▶ Required action
Return, with both end lines included, exactly what the data below holds from the line with "Vintage Glass Pitcher" through the line with "جراح ماهی موستارت", though not the pictures.

(Records from a data source)
+-------+
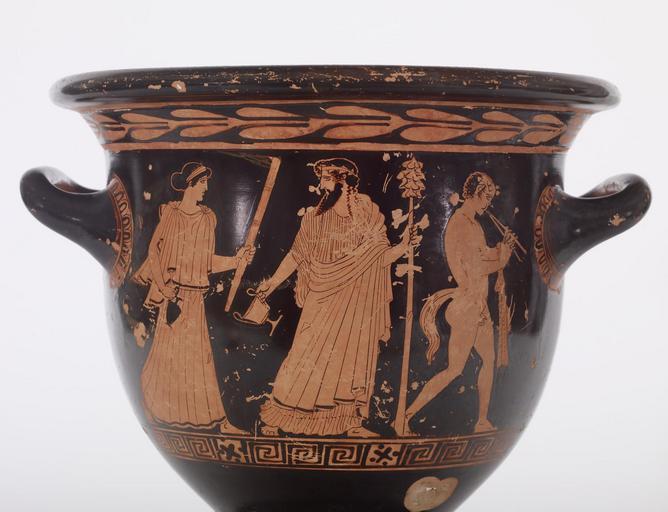 MAKE A MEME View Large Image Christie Painter - Red-Figure Bell Krater - Walters 4874 - Detail A.jpg The wine-god Dionysus appears often on vases of this shape called a bell krater which held wine for drinking parties He is usually shown as a bearded and majestic god ...
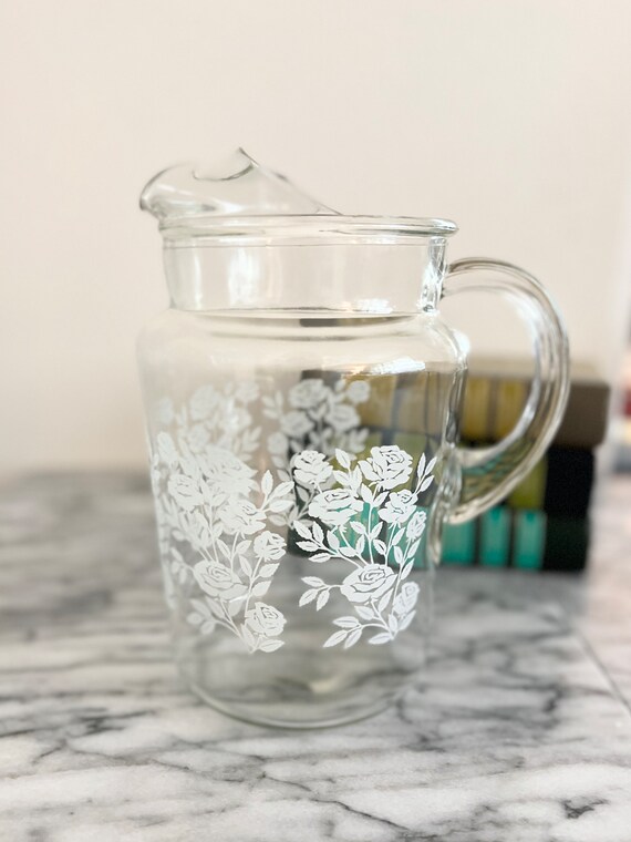 Vintage Glass Pitcher With Frosted White Rose Design 9 Etsy
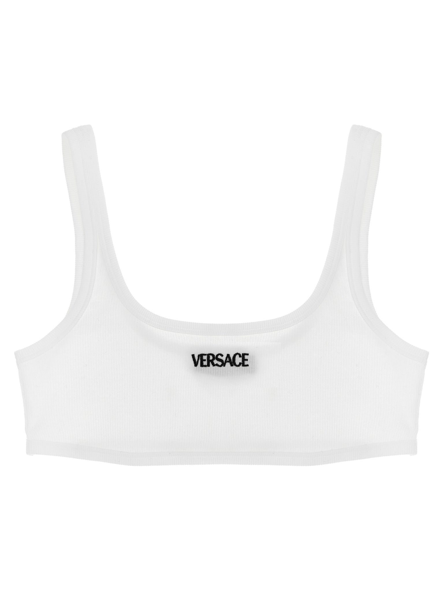 Ribbed cotton bra with front 'versace logo' embroidery, Round neckline, Thin straps. Size and Fit - true to size fit
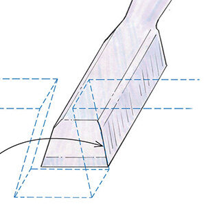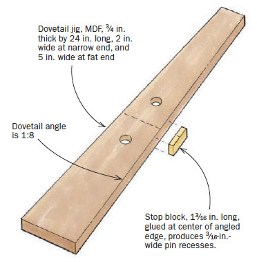 I like a 1:8 slope for my dovetails, so that’s how I angled the long edge of the jig. And I like my pins 3⁄16 in. wide at their narrow end, so the length of my stop block is 13⁄16 in. For thinner or thicker pins, change the length of the block.
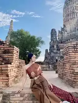 Wat Chai Ayutthaya, wear Thai clothes to take pictures. Don't dress up from home, there is a place to rent clothes near the temple. One set including hair styling is 300 baht, the price is not too expensive, acceptable. A historical place with many historical stories, plus the pictures come out very beautiful. And most importantly, it's not far from Bangkok, just an hour's drive. It's worth coming. #trip #beautiful photo spots #places to visit near Bangkok If anyone can't think of anywhere, Ayutthaya is definitely the answer.
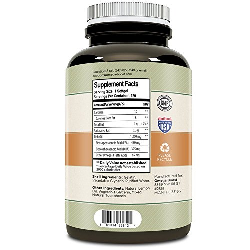 -. Title : Omegaboost Omega-3 Fish Oil (120 Capsules - 1250mg - Softgel) Lemon Flavored
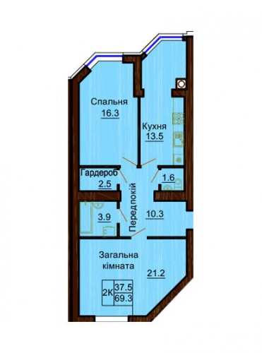 S загальна (м2): 69.30
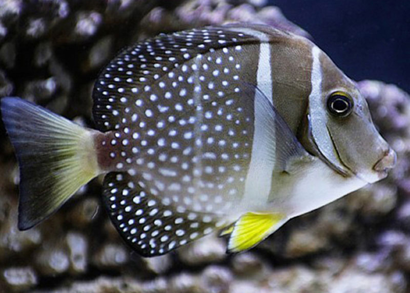 جراح ماهی موستارت یکی از گونه های کمیاب در بازار ایران محسوب می شود . این ماهی که نام دیگر آن جراح خال سفید می باشد را میتوان هم در آکواریوم های فقط ماهی و هم در آکواریوم های مرجانی براحتی نگهداری کرد . برای تغذیه این ماهی در آکواریوم میتوان از طیف گسترده ای از غذاهای گیاهی و همچنین از غذاهای گوشتی زنده یا منجمد شده استفاده کرد.
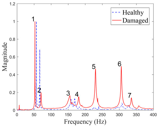 The obtained results show that the difference in the measured resonant frequencies varies in the range from −6.9% to 7.5%, suggesting that the introduced delamination has a smaller effect on the stiffness of the plate and, correspondingly, on the frequencies compared to the differences in the plates in general. The plates were produced manually in a scientific laboratory, and, thus, their consistency can be guaranteed only to a certain degree. This also suggests that natural frequencies cannot directly be used for damage identification, and other means of exploiting measured data should be sought for this purpose. Normalized frequency response functions show that the largest vibration magnitude is obtained for the first frequency for both plates. Modes 3 and 4 are in close range for both plates in terms of vibration amplitude, while other modes differ significantly.
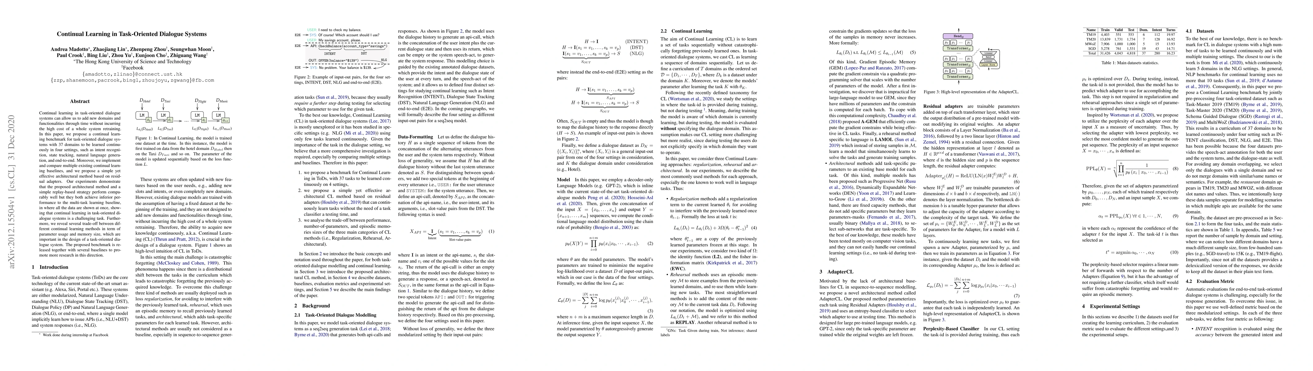 This paper proposes a continual learning benchmark for task-oriented dialogue systems, featuring 37 domains and four learning settings. It compares existing continual learning methods and introduces a residual adapter-based architecture, revealing that while effective, continual learning remains challenging compared to multi-task learning.
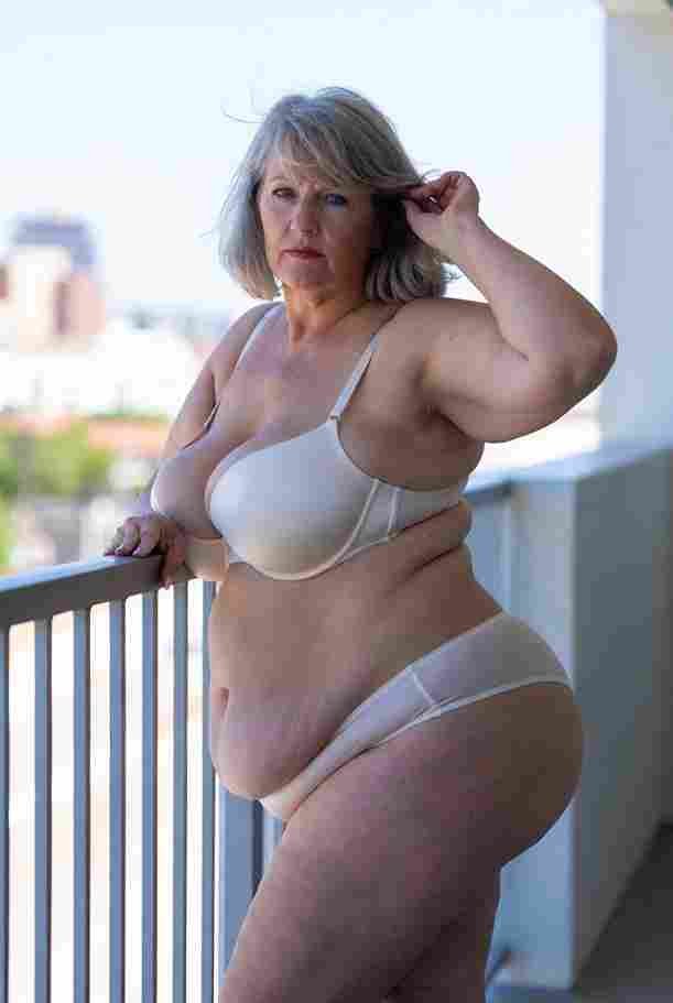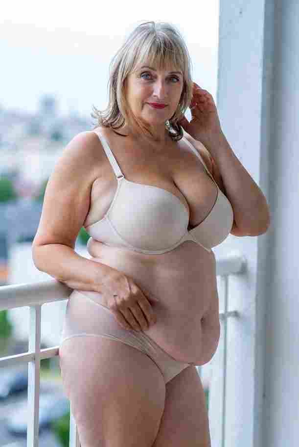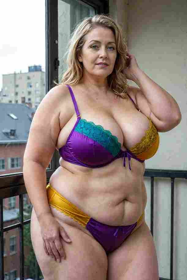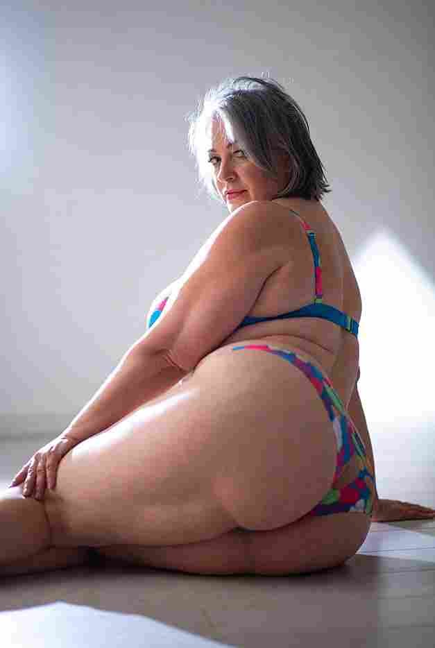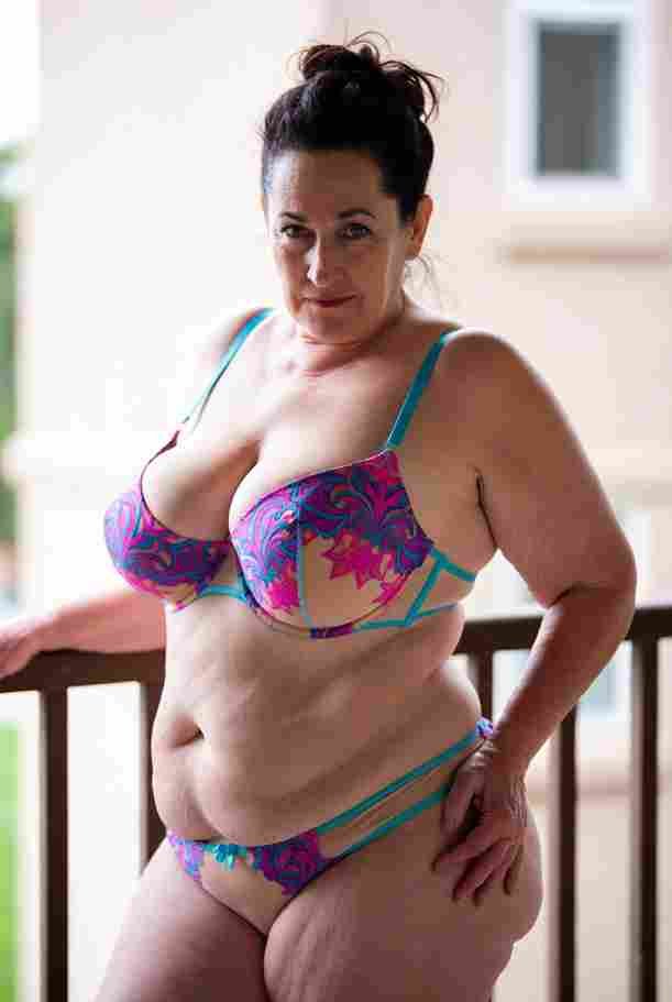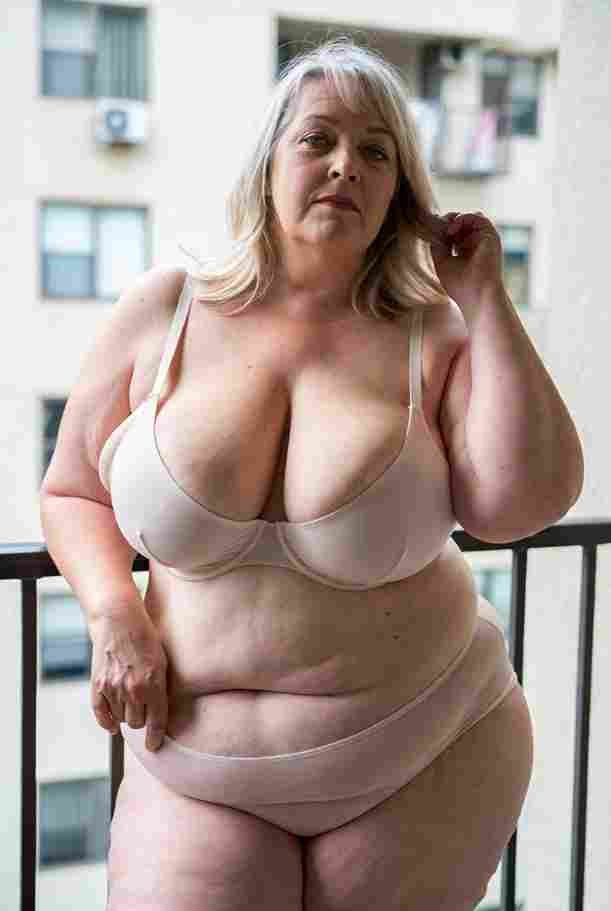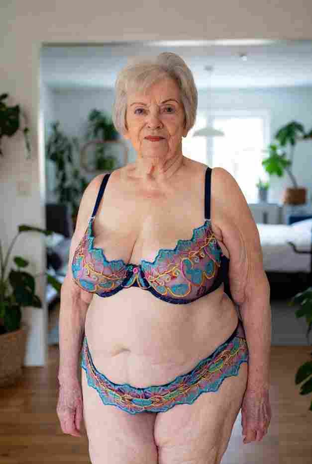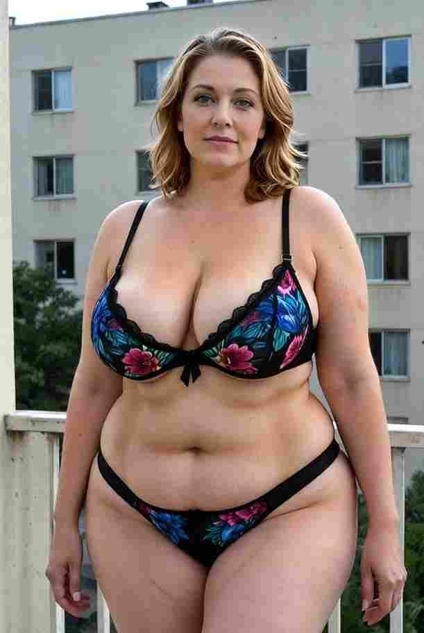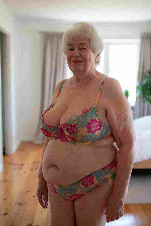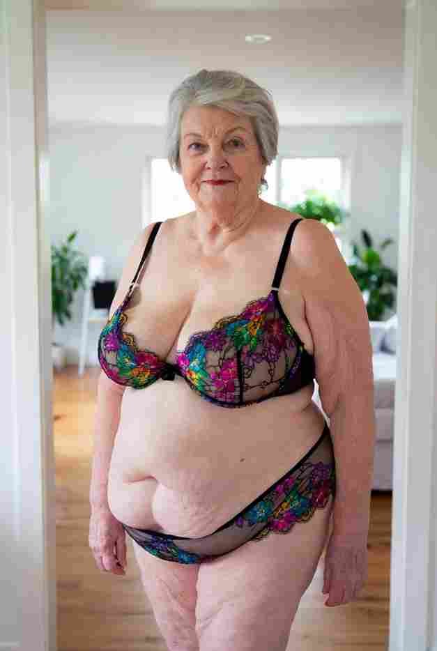 She’s wearing a sheer black lace teddy that clings loosely around her heavy breasts, her hard nipples clearly visible through the thin fabric. Lying on her back on the bed, legs spread wide, knees bent high. One hand grips a thick black dildo, slowly sliding it all the way in and pulling it out again, each thrust producing wet, sucking sounds. Her other hand presses two fingers hard against her clit, rubbing fast in tight circles. Head thrown back, eyes squeezed shut, mouth open in a silent moan—suddenly her whole body jerks, legs trembling and straightening out. A long, drawn-out “Aaaahhh…” escapes as she squirts hard, thin streams splashing across the bedsheets, soaking her stomach and dripping down her thighs.
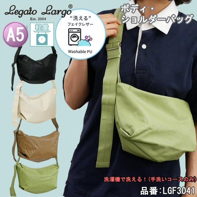 【送料無料】LegatoLargo レガートラルゴ 洗えるフェイクレザー ショルダー バッグ ボディバッグ ワンショルダー 軽量 軽い A5 旅行 行楽 おでかけ デイリー 使いやすい 通学 通勤 学生 OL 主婦 サブバッグ 光沢感 シルバー金具 型押しロゴ 斜め掛け 肩掛け LGF3041
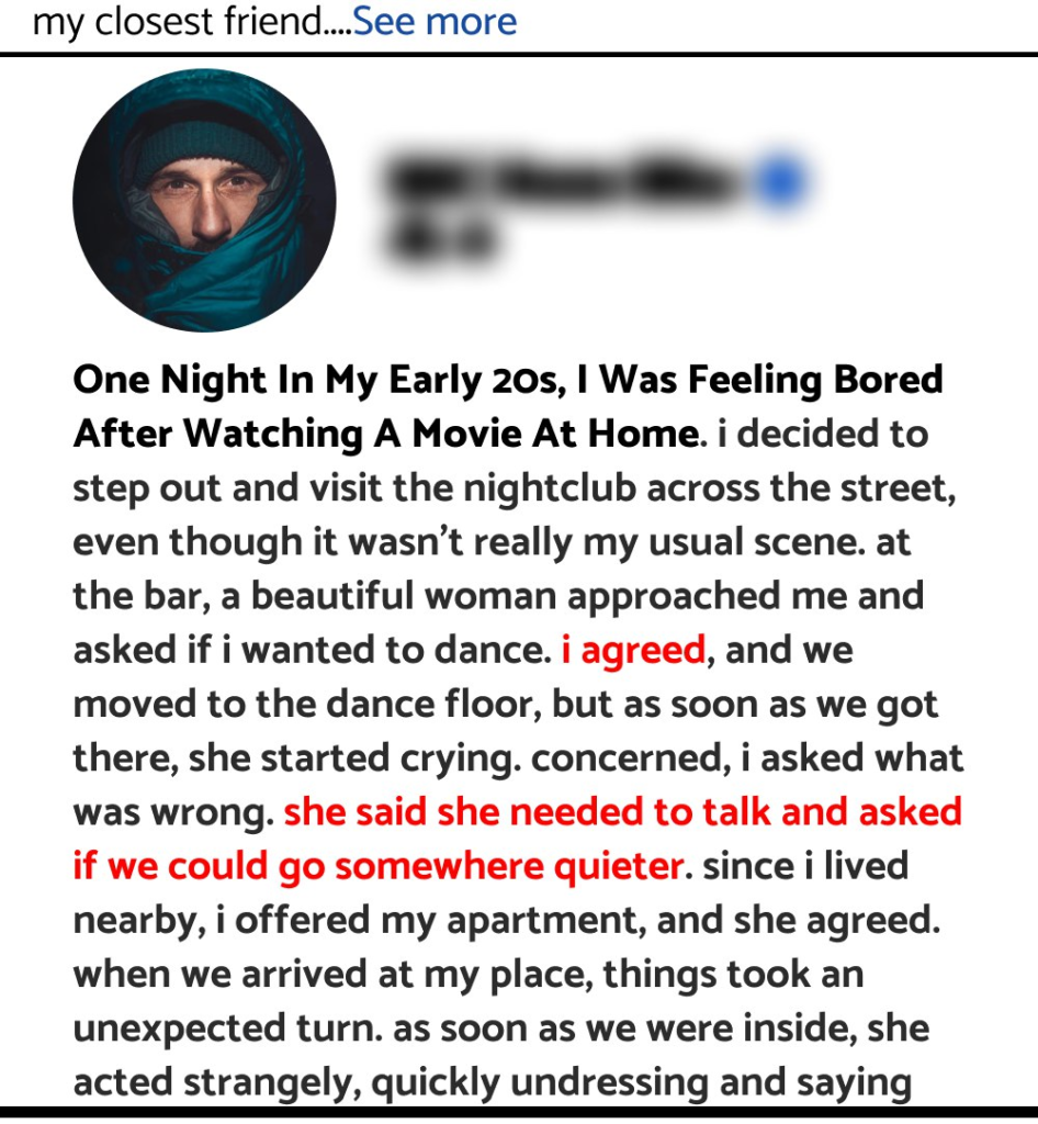One night in my early 20s, I was feeling bored after watching a movie at home. I decided to step out and visit the nightclub across the street, even though it wasn’t really my usual scene. At the bar, a beautiful woman approached me and asked if I wanted to dance. I agreed, and we moved to the dance floor, but as soon as we got there, she started crying. Concerned, I asked what was wrong. She said she needed to talk and asked if we could go somewhere quieter. Since I lived nearby, I offered my apartment, and she agreed.
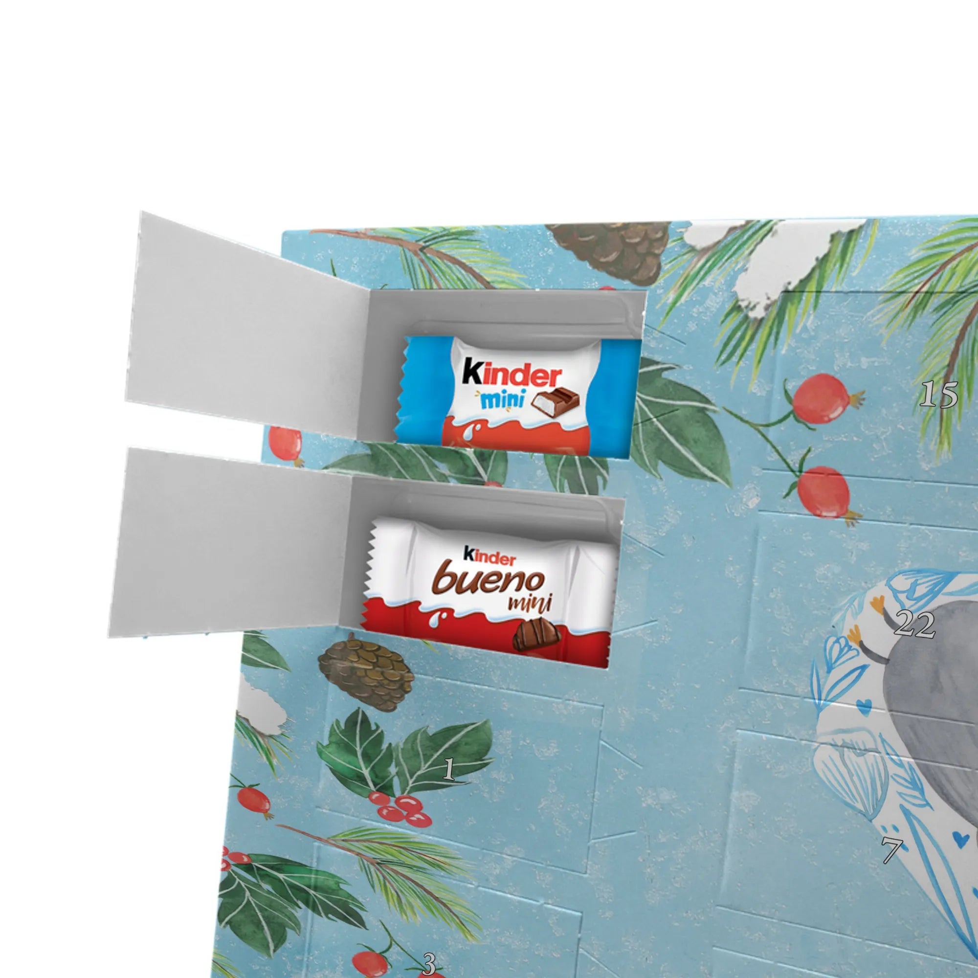 Personalisierter Schoko-Adventskalender von Mr. & Mrs. Panda – liebevoll gestaltet und ideal als individuelles Geschenk in der Adventszeit. Wir bedrucken den Kalender mit zauberhaften Motiven & herzlichen Sprüchen und personalisieren ihn mit deinem Wunschnamen oder Wunschtext. Die hochwertige Druckqualität kombiniert mit einer seidenmatten Oberflächenveredelung sorgt für ein edles Erscheinungsbild, und die bedruckten Seitenflächen geben dem Motiv zusätzlichen Charme. Der Kalender kann aufgehängt oder aufgestellt werden, sodass du ihn flexibel platzieren kannst. Gefüllt ist der Kalender mit Celebrations, die 24 hochwertige Überraschungen in 8 verschiedenen Sorten beinhalten: Maltesers, Mars, Snickers, Twix, Milky Way, Bounty, Galaxy und Galaxy Caramel. Maße: 325 mm x 225 mm x 27 mm – handlich und doch großzügig für die kleinen Leckereien hinter den Türchen. Ob für Kinder, Partner oder beste Freunde: dieser personalisierte Schoko-Adventskalender macht das Warten auf Weihnachten bunter und leckerer. Verschenke eine persönliche Erinnerung und jeden Tag ein kleines Schokoladen-Glück!
+-------+
▶ Exercise solution
 Vintage Glass Pitcher With Frosted White Rose Design 9 Etsy
 Ribbed cotton bra with front 'versace logo' embroidery, Round neckline, Thin straps. Size and Fit - true to size fit
 I like a 1:8 slope for my dovetails, so that’s how I angled the long edge of the jig. And I like my pins 3⁄16 in. wide at their narrow end, so the length of my stop block is 13⁄16 in. For thinner or thicker pins, change the length of the block.
 Wat Chai Ayutthaya, wear Thai clothes to take pictures. Don't dress up from home, there is a place to rent clothes near the temple. One set including hair styling is 300 baht, the price is not too expensive, acceptable. A historical place with many historical stories, plus the pictures come out very beautiful. And most importantly, it's not far from Bangkok, just an hour's drive. It's worth coming. #trip #beautiful photo spots #places to visit near Bangkok If anyone can't think of anywhere, Ayutthaya is definitely the answer.
 -. Title : Omegaboost Omega-3 Fish Oil (120 Capsules - 1250mg - Softgel) Lemon Flavored
 S загальна (м2): 69.30
 جراح ماهی موستارت یکی از گونه های کمیاب در بازار ایران محسوب می شود . این ماهی که نام دیگر آن جراح خال سفید می باشد را میتوان هم در آکواریوم های فقط ماهی و هم در آکواریوم های مرجانی براحتی نگهداری کرد . برای تغذیه این ماهی در آکواریوم میتوان از طیف گسترده ای از غذاهای گیاهی و همچنین از غذاهای گوشتی زنده یا منجمد شده استفاده کرد.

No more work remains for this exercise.